Özellikle Dev-Genç’in “faşist işgalleri kırma kampanyası” tüm okullarda birden
gelişen bu devrimci saldırıya öncülük ediyor ve sivil faşist hareketi
zayıflatan darbeler vuruyordu. Faşistler, ilk olarak geçmiş tecrübelerine
başvurarak tüm okullarda varlıklarını korumaya çalışsa da tutunamayacaklar ve
değişik taktikler aramak zorunda kalacaklardı.
Bu
taktiklerin birincisi, okulların kapanmasını sağlamak; ikinci taktik ise ülke
çapında yaptıkları kitle katliamı eylemlerine (özellikle gençliğe yönelik
olarak) hız vermekti.
1978’in
ilk büyük kanlı saldırısı, 16 Mart günü Beyazıt’ta gerçekleşti. Üniversitedeki
faşist işgalleri kırıp, fakültelerine toplu giren solcu öğrencilerin üzerine
“kahrolsun komünistler” diye bağıran bir faşist tarafından bomba atılmış ve
pusu kurdukları yerlerden kurşun yağdırılarak saldırı gerçekleştirilmişti. Bu
saldırı sonucu yedi öğrenci hayatını kaybetti, kırk bir öğrenci de yaralandı.

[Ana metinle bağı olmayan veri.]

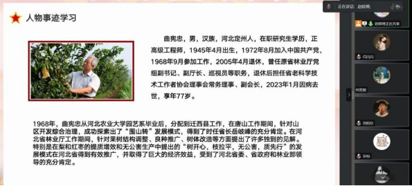会上,支部党员共同学习了曲宪忠同志无私奉献、勇于担当,将毕生精力献给林果产业和乡村振兴事业的先进事迹。曲宪忠同志扎根国家扶贫工作重点县威县,躬耕不辍,十年如一日奔波在10万亩梨园上,帮助8万余名群众脱贫致富,带领群众把贫瘠的沙荒地变成致富的“聚宝盆”。曲宪忠同志始终坚持中国共产党员的初心使命,与群众感情质朴深厚,用实际行动全诠释了“为党的事业奋斗终身”的峥峥誓言,是习近平新时代中国特色社会主义思想的坚定信仰者和忠实实践者,是广大党员干部学习的榜样。

Hayatını kaybeden öğrenciler; Hatice Özen, Cemil Sönmez, Baki Ekiz, Turan Ören,
Abdullah Şimşek, Hamit Akıl ve Murat Kurt’tu.
Saldırıyı
gerçekleştiren Zülküf İsot adında ülkücü bir katildi. Zülküf İsot’un ablası,
daha sonra olayın açığa çıkıp, katliamı itiraf etmemesi için kardeşinin Latif
Atkı isimli bir başka ülkücü tarafından öldürüldüğünü açıkladı. Katliam
sırasında o güne kadar öğrenci kitlesini takip eden “Merasim Birliği” yoktu.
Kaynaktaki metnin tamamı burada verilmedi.